Including the mode of payment when measuring the system’s performance is, as Masten astutely observes, assuming what you’re trying to prove. After all, the whole question is how healthcare ought to be financed – publicly or privately, with insurance or out-of-pocket payments, etc.
To see the illogic for myself, I downloaded the relevant WHO report and the study it was based on. But before I could verify the factors included in the health performance index, I had to figure out which index to look at. It turns out that the U.S. ranks 37th on the “overall performance index.” But on this index, while it’s true that France is #1, Canada does not rank in the top 10 – it’s only #30. There is another index, “overall health system attainment,” on which the U.S. ranks #15 (while France and Canada are #6 and #7, respectively). As far as I can tell, the two indices are based on the same underlying data, but with the “overall performance index” calibrated according to some measure of how well the country is theoretically capable of doing. I’m still trying to figure out exactly how this calibration works.
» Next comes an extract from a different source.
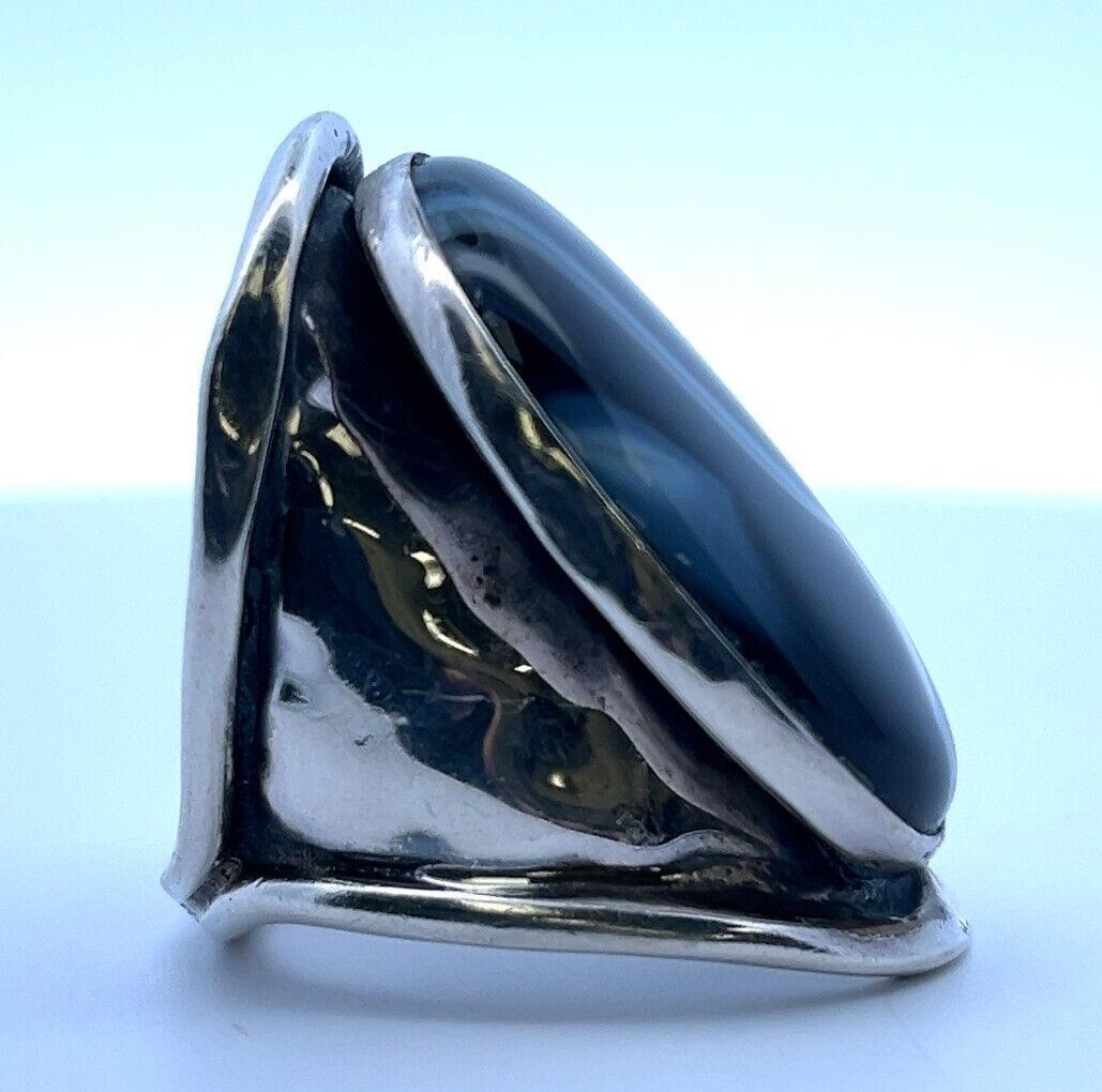 как выглядит Vintage Large Sterling Silver Black Agate Natural Banded Ring 15.6 Grams Size-8 фото

In any case, it looks an awful lot like someone cherry-picked the results to make the U.S.’s relative performance look worse than it is. Contrary to CNN.com (and possibly Michael Moore – I haven’t seen the movie yet), there is no index that has both Canada and France in the top 10 and the U.S. at 37.
But back to Masten’s point. Both of these indices include “financial fairness” (FF) as a factor with 25% weight in measuring the system’s performance. FF is measured first by finding a household’s contribution to health expenditure as a percentage of household income (beyond subsistence), and then looking at the distribution of this percentage over all households. The wider is the distribution, the worse a nation will perform on the health performance index (other things equal). But it should not be surprising at all that a larger percentage of poor people’s income will be spend on health than would be spent by the rich. Insofar as healthcare is treated as a necessity, we should expect that people will spend a decreasing fraction (not a decreasing amount, but a decreasing fraction) of their income on healthcare as their income increases. Rich people tend to spend a larger percentage of their income on luxuries than do the poor.
More importantly, the distribution of household contributions will obviously decline when the government shoulders more of the health spending burden. In the extreme, if the government pays for all healthcare, every household will spend the same percentage of their income – zero – on healthcare. In other words, this measure of health outcomes necessarily makes countries that rely on private payment look inferior.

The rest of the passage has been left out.